Database automation for Europe’s largest research agency

Easy to use tools to drive database clustering.

Industry Research
Technologies Galera, MariaDB, MySQL
Hosting Cloud
Datacenters Private
Products ClusterControl

Background

The CNRS – Centre National de la Recherche Scientifique (National Center for Scientific Research) is a public organization under the responsibility of the French Ministry of Higher Education and Research. As the largest fundamental research organization in Europe, CNRS carries out research in all fields of knowledge.

The CNRS currently counts over 33,000 employees of which 24,747 are CNRS tenured employees. It is organized as 10 institutes, 18 regional offices, ensuring decentralized direct
management of laboratories as well as 1,100 research units (96 % are joint research laboratories with universities and industry).

The CNRS – DSI (Directorate of Information Systems) is the organization that defines and implements information systems for the running and management of the institution’s various activities within scientific research as well as support processes including payroll, accounting, finance, and budgeting.

The DSI is responsible for all systems used by administrative and scientific directorates as well as laboratories of the CNRS.

Challenge

CNRS – DSI operates over 100 LAMP applications and because of the simplicity and ease of use of MySQL, no dedicated DBA resources were needed to manage these database instances. They do have ORACLE databases as well in addition to MySQL, but those are managed separately.

MySQL is provided out-of-the-box by their Red Hat installation processes. However, over time, new needs became apparent, which their infrastructure would struggle to support.

Historically, the LAMP applications supported relatively modest business requirements, that is to say, 8 am through 6 pm availability during the 5 days of a typical working week. The databases were relatively small in size, with only a few hundred simultaneous users.

Solution

The team at CNRS – DSI decided to conduct a study to find out how they could:

  • Painlessly migrate existing applications to a new database solution with the following constraints:
    • No application code modification and either null or most minimal database schema structure modification
  • Provide a robust and highly available database solution
    • Service available even if a database server fails and no service shutdown while backup or patch operations
  • Provide a heavy-load capable solution
    • Increase capacity in the background without stopping or even disturbing the actual service
  • Provide a transparently scalable solution
    • No need for dedicated DBAs
  • Provide a solution easy to manage and monitor

These technical criteria led the team to a choice between the following database cluster solutions… MariaDB Galera Cluster, Oracle MySQL Cluster, or ScaleDB.

Oracle MySQL Cluster was disregarded because of its licensing costs and because the master/slave setups were not evaluated as a robust high-availability solution. ScaleDB
was not considered because of its perceived lack of maturity. MariaDB Galera Cluster was the team’s final choice because:

  • Painless import existing of MySQL databases into MariaDB Cluster
  • The high availability and scalability tests were successful
  • MariaDB Cluster is open source (CNRS is a governmental research agency and the organization is highly sensitive to this aspect)
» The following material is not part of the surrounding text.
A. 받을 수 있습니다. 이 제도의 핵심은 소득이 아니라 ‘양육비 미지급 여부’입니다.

While a Galera Cluster is more complex to install and manage than a single MySQL node, the team found in Severalnines ClusterControl a comprehensive and powerful tool to manage and operate the cluster. Prior to going live, the tool was used to easily deploy test and QA environments, as well as to detect application incompatibilities with Galera. One functionality that was of particular interest was the ability to transparently manage load
balancers through ClusterControl.

The team went live after the evaluation. The actual migration was straightforward and required no schema changes. At the time of writing (October 2014), the system has been running live for over a year without issues, which has brought the peace of mind that The CNRS/DSI now has a data layer that is highly available. No traffic is dropped due to a database limitation, even when subjected to extreme traffic conditions.
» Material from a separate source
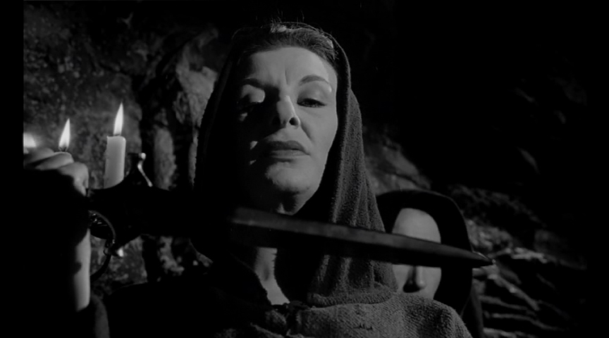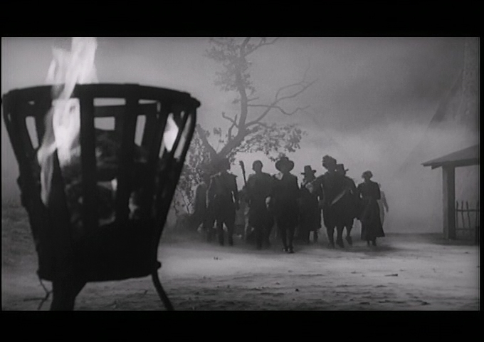 UK title arrived in 2001 and improved things considerably with a richly detailed, sharp transfer for its day. Lee also participates in this version through both a commentary moderated by Jay Slater and video interview (45m6s), along with a nifty video chat with Moxey (26m25s) and Venetia Stevenson (19m37s), who still looks quite lovely and charming. Moxey provides a commentary as well, and it's great hearing the future legend of made-for-TV horror films go into detail about the British film industry at the time and discuss building an entire sinister town on very limited studio means. The US trailer is presented with new digital title cards for some reason. Significantly, this was also the stateside debut of the European cut, which extends the opening execution scene quite a bit and runs almost two minutes longer. In early 2016, VCI brought the film to Blu-ray with all of its DVD extras ported over while adding on a new scholarly commentary by Bruce G. Hallenbeck about the film's significance and role in horror cinema, the shorter Horror Hotel cut, and an additional interview with Lee (16m37s), plus a liner notes booklet by Mike Kenny. Unfortunately the VC-1 encoded transfer (VCI's baffling codec of choice) displayed some significant issues including a very visibly cropped 1.78:1 interlaced transfer (other versions however around 1.66:1 and need that breathing room), a stingy compression rate, and a generally flat, soft appearance.
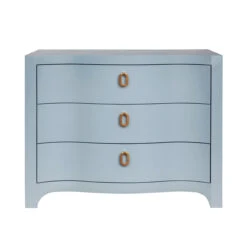 Worlds Away Curved Front Chest – Three Drawers – White Textured Linen – Satin Brass Ring Hardware

“We decided to invest into the Enterprise of ClusterControl and it’s proven to have a very good ROI value. ClusterControl will be our companion in our future database technology roadmap,” said Olivier Lenormand, Technical Manager, CNRS/DSI.

Things are changing at CNRS, as we start to offer more critical LAMP-based services to our customers”: 24/7 applications with large databases, and tens of thousands of simultaneous users. It soon became clear that we needed a more robust and scalable solution than what standalone MySQL instances could offer.
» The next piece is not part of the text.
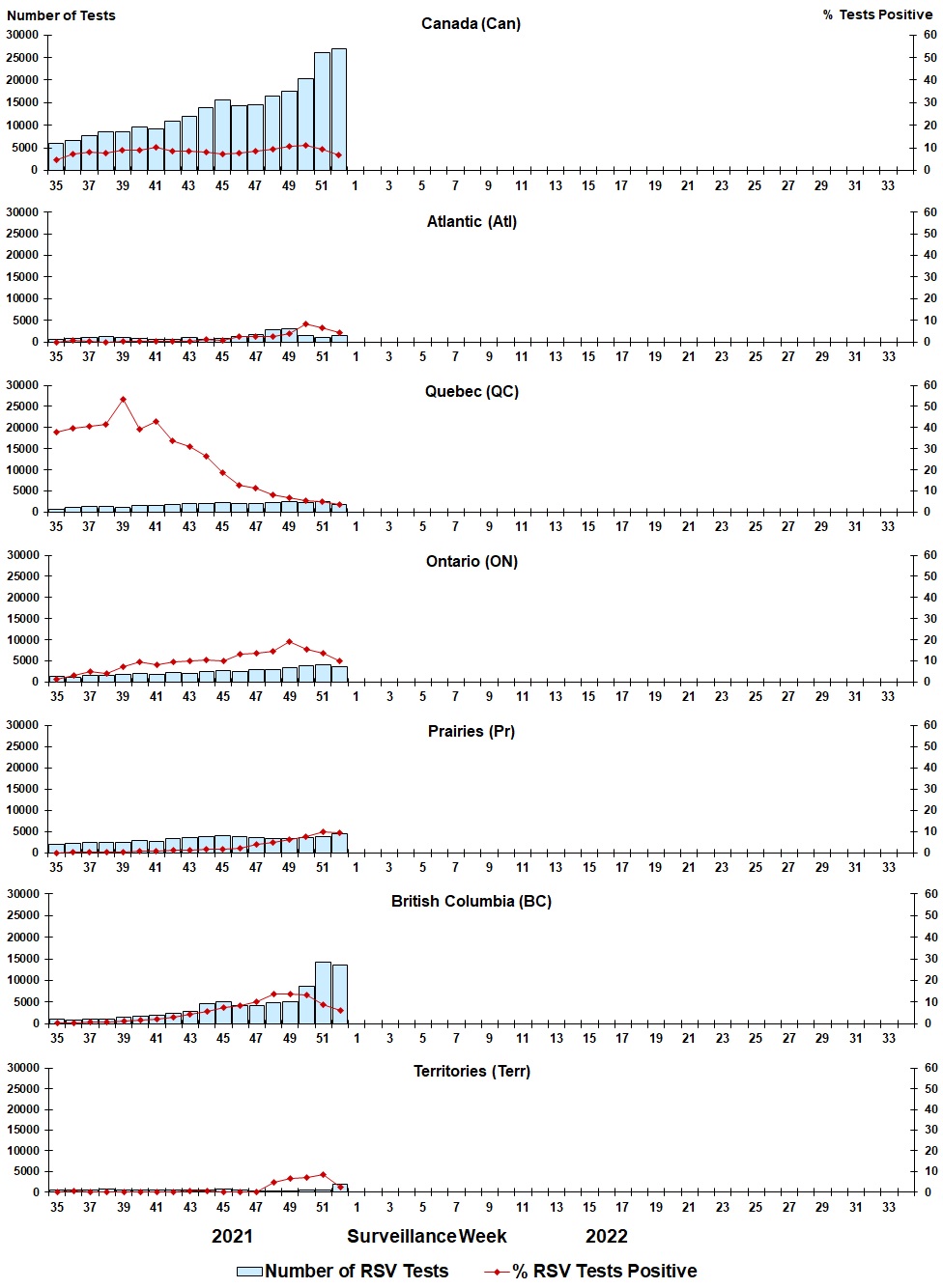 - Respiratory syncytial virus (1,824 detections; 6.8% positive) is the most common seasonal respiratory viruses detected in Canada. Activity remains within expected levels.
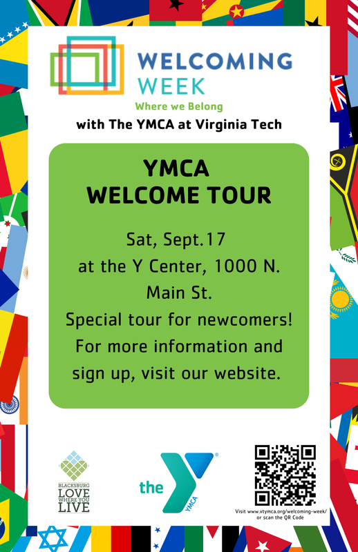 The YMCA at Virginia Tech continues their Welcoming Week events with the Welcome Tour on Saturday, September 17, 2022 at the YMCA at Virginia Tech.

Olivier Lenormand, Technical Manager CNRS

Outcome

With the positive experience of the first initial applications, the CNRS-DSI management decided that all LAMP applications must be compatible with Galera/MariaDB; all future LAMP applications will be running in this environment. Deployment automation, management, and monitoring framework will be provided by Severalnines.

In Severalnines we found a partner that is much more than a perfect database management tool provider: we have a partner that helps us define the architectures of our LAMP projects and leverage the capabilities of MariaDB Cluster.

Olivier Lenormand, Technical Manager CNRS

Beside these classical LAMP applications, CNRS/DSI is deploying a cloud storage solution for thousands of its users (https://owncloud.org/). For obvious performance and availability reasons, MariaDB/Galera has been chosen as the database component in place of the classical standalone MySQL; and Severalnines ClusterControl has been naturally chosen as the management tool for this critical service.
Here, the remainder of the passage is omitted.